There is time, still, to waste. His feet carry him to the TARDIS, hibernating in its hidden corner of the street.
His limbs are only a little shaky when he is standing in as close a thing he has to home, when he is sheltered in this secret ship, its heartbeat guiding his. He stumbles closer to the centre, fingers caressing the walls like a blind man, throat aching in a silent hello. It is as lonely as he is. Neglect swells over them both.
Nothing has changed in here. The TARDIS is a constant.
Grantaire turns on the message the Doctor had left for him. He hangs onto the words he recalls the Doctor saying in his head every day, because those instructions are the last threads of the only lifeline he has.

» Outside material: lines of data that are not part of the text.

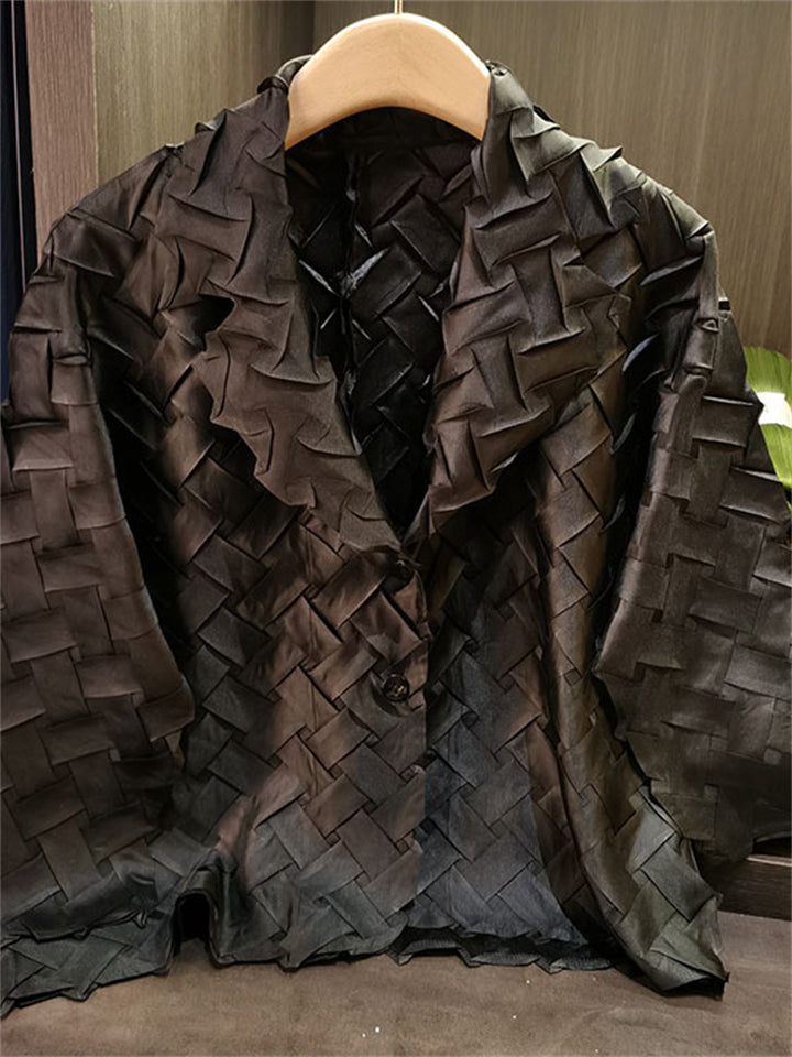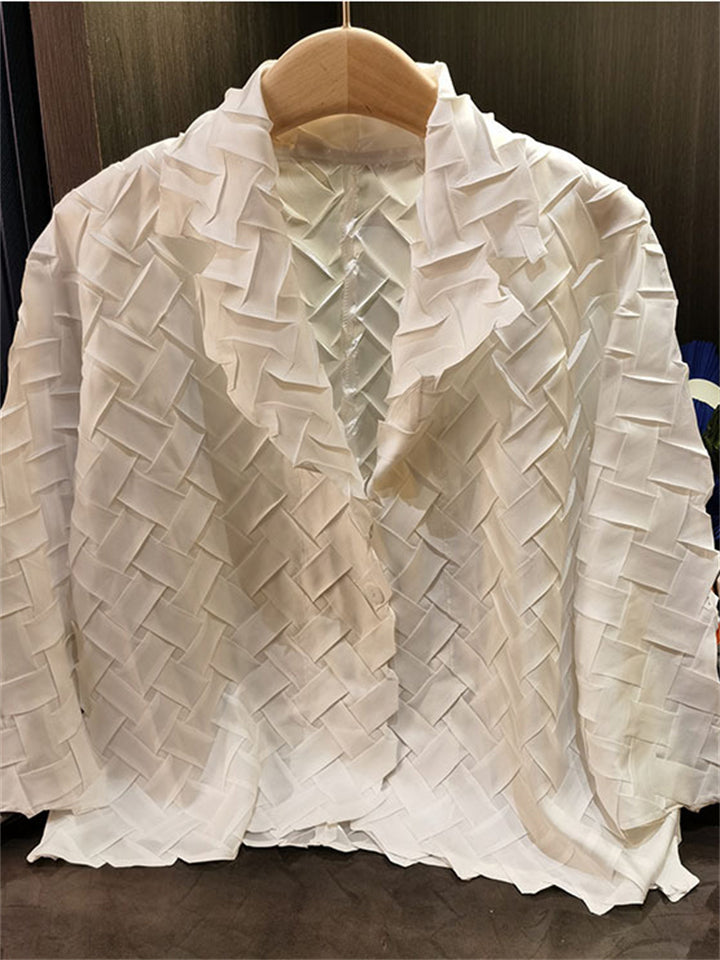 Women's Chic Woven Textured Wrinkles Single Breasted Tops
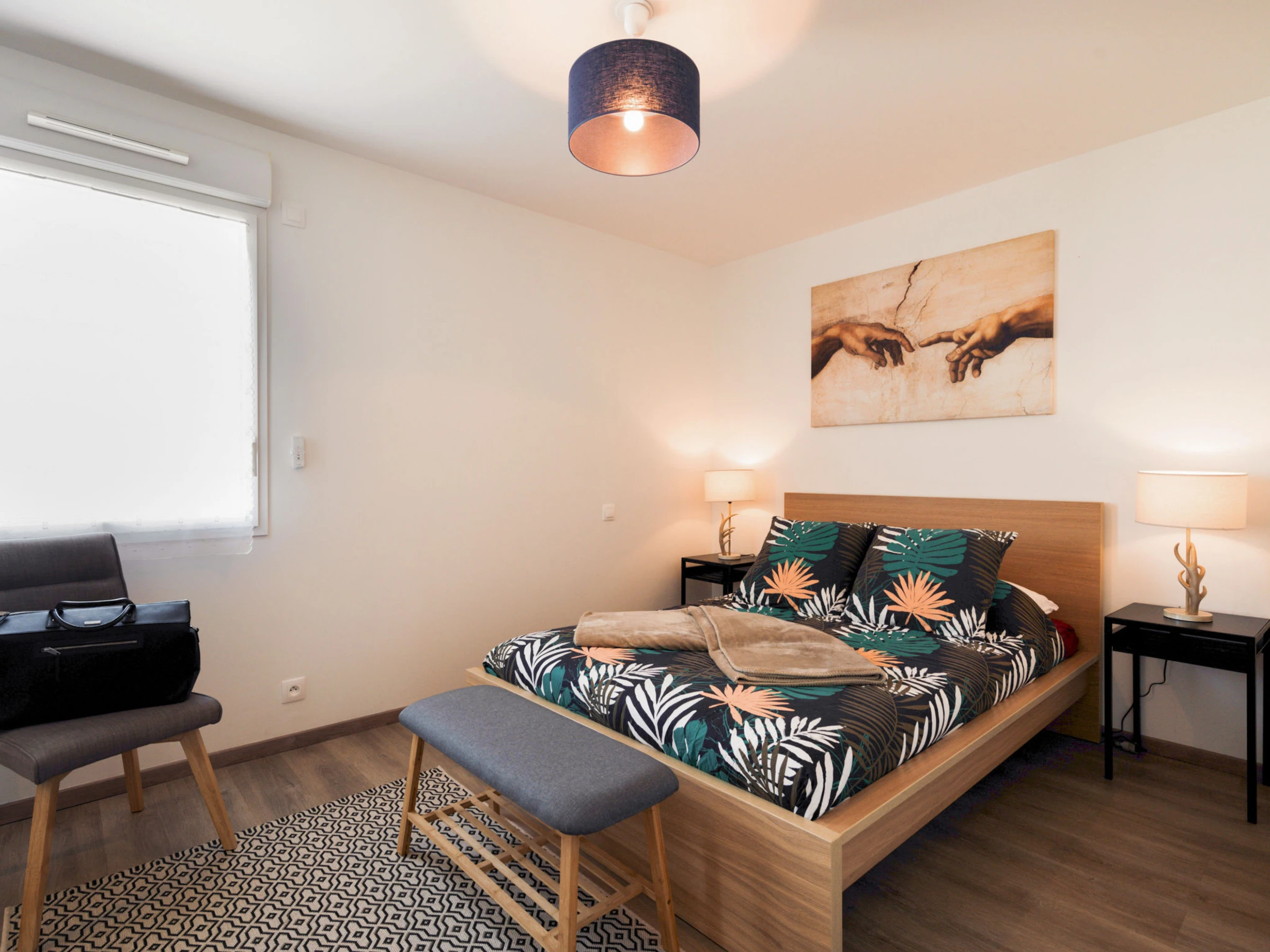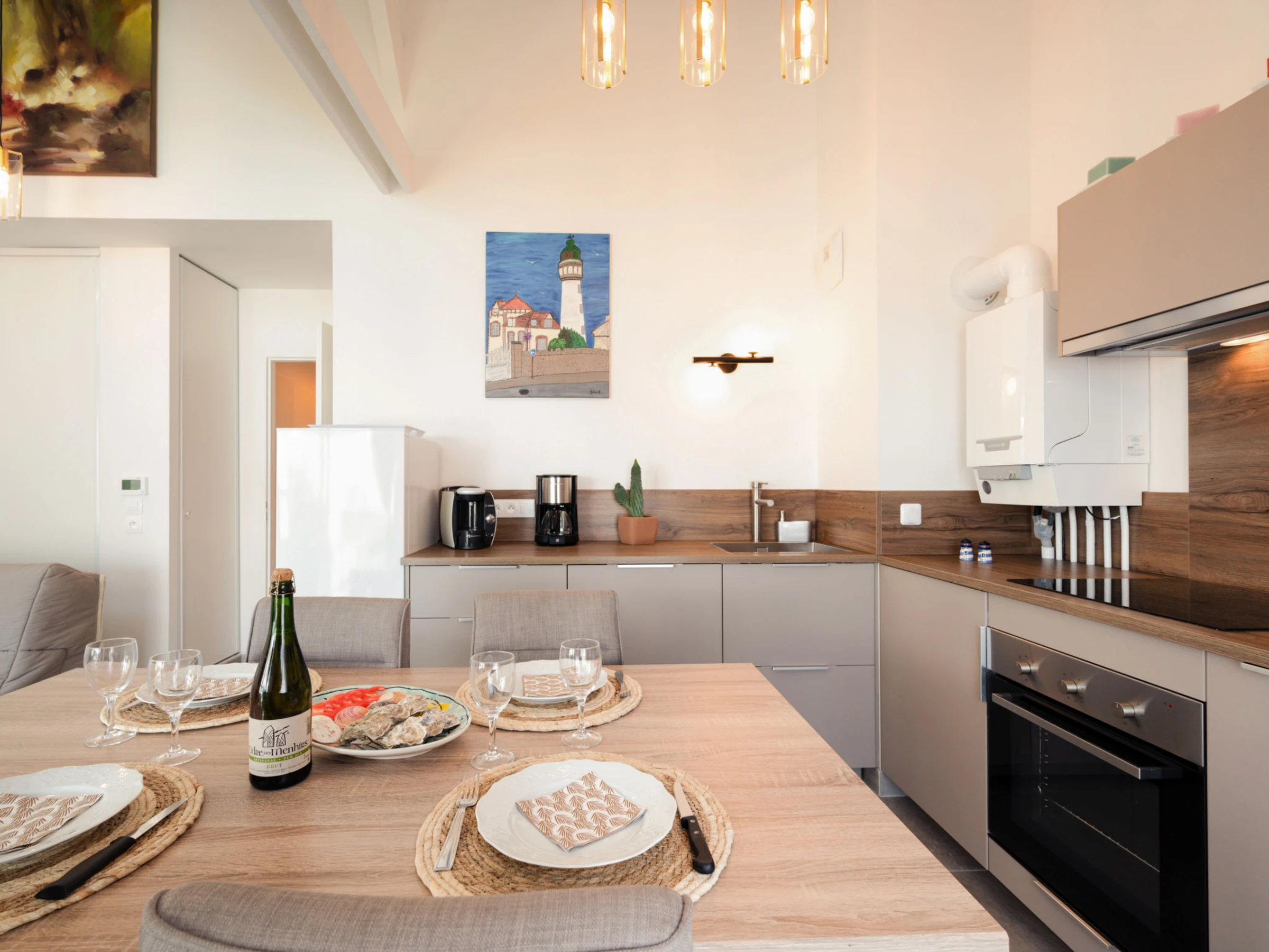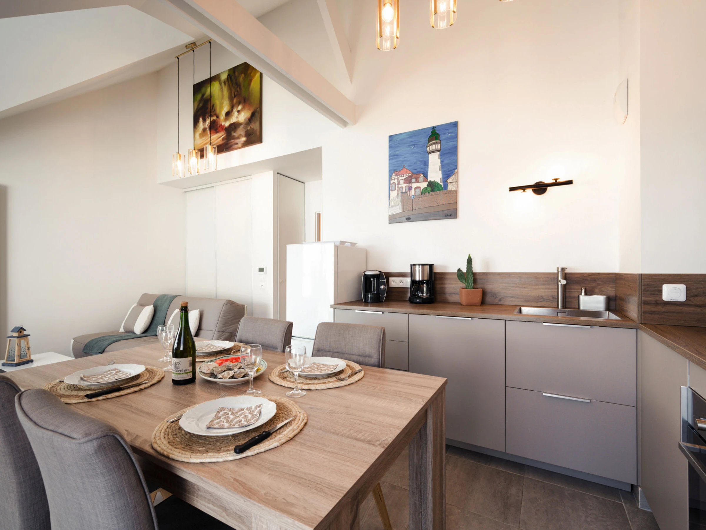 "Parc Océan", apt 2 pièces 43 m2 au 3ème étage. Aménagement confortable: séjour/salle à manger avec 1 divan-lit double (1 x 160 cm, longueur 200 cm), TV (écran plat). Sortie sur la terrasse. 1 chambre avec 1 grand-lit (1 x 140 cm, longueur 190 cm), TV (écran plat). Cuisine ouverte (four, 4 plaques vitrocéramiques, bouilloire électrique, cafetière électrique, combiné micro-ondes). Salle de bains, WC séparé. Chauffage. Terrasse 12 m2. Meubles de terrasse. A disposition: lave-linge. Internet (Connexion WIFI, gratuit). Place de parking No 6. Veuillez noter: logement non-fumeur. Détecteur de fumée. Annonce d'un particulier (art 155, IV du CGI).
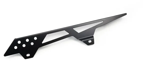 ×A chain guard is made to keep chain grease from being thrown around. It also is designed to catch the chain when it breaks, helping to prevent damage to bike, rider and passenger. The Zieger is both stronger and better looker than the OEM plastic guard. Manufactured from stainless steel with a black powder coated finish. Offers a simple bolt-on installation, directly to the OEM chain guard mounting holes.

Instructions. He is trying his best, but following none of them well.
He dreads hearing the last of them again.
“And you. Don’t let me forget you.”
You.
The word can send a shiver wracking his core from head to toe, can sober him faster than a bucket of ice-cold water. It does, too, even when it is Enjolras who utters it. It shocks him, that electric current sparking the image of the Doctor, the Doctor thinking of him, caring. Enjolras is nearly always accusing him, employing the direct address as a call to combat or perhaps a rebuke, but that doesn’t matter, Grantaire doesn’t care. Because he remembers the way the Doctor says you, like he attaches importance to the word, and importance to the human being behind it.
It is ridiculous.
Of everyone - in the world, in the universe, in all of time - the Doctor could have held out his hand to, why had it been Grantaire?
“I don’t know,” he tells the TARDIS helplessly, fiercely swallowing the bitterness. “I don’t know what to do.”
--
Four have already wandered across the path of the Family of Blood. A Father, a Mother, a Sister, a Brother.
A police inspector. A working woman. A little street girl. A National Guardsman.
They watch the door of a small blue box swing shut, watch a dark-haired man tuck the key strung around his neck back under his shirt, and watch where he goes the rest of the night.
They turn their heads and sniff the air.
The Doctor, they whisper. The Doctor is here.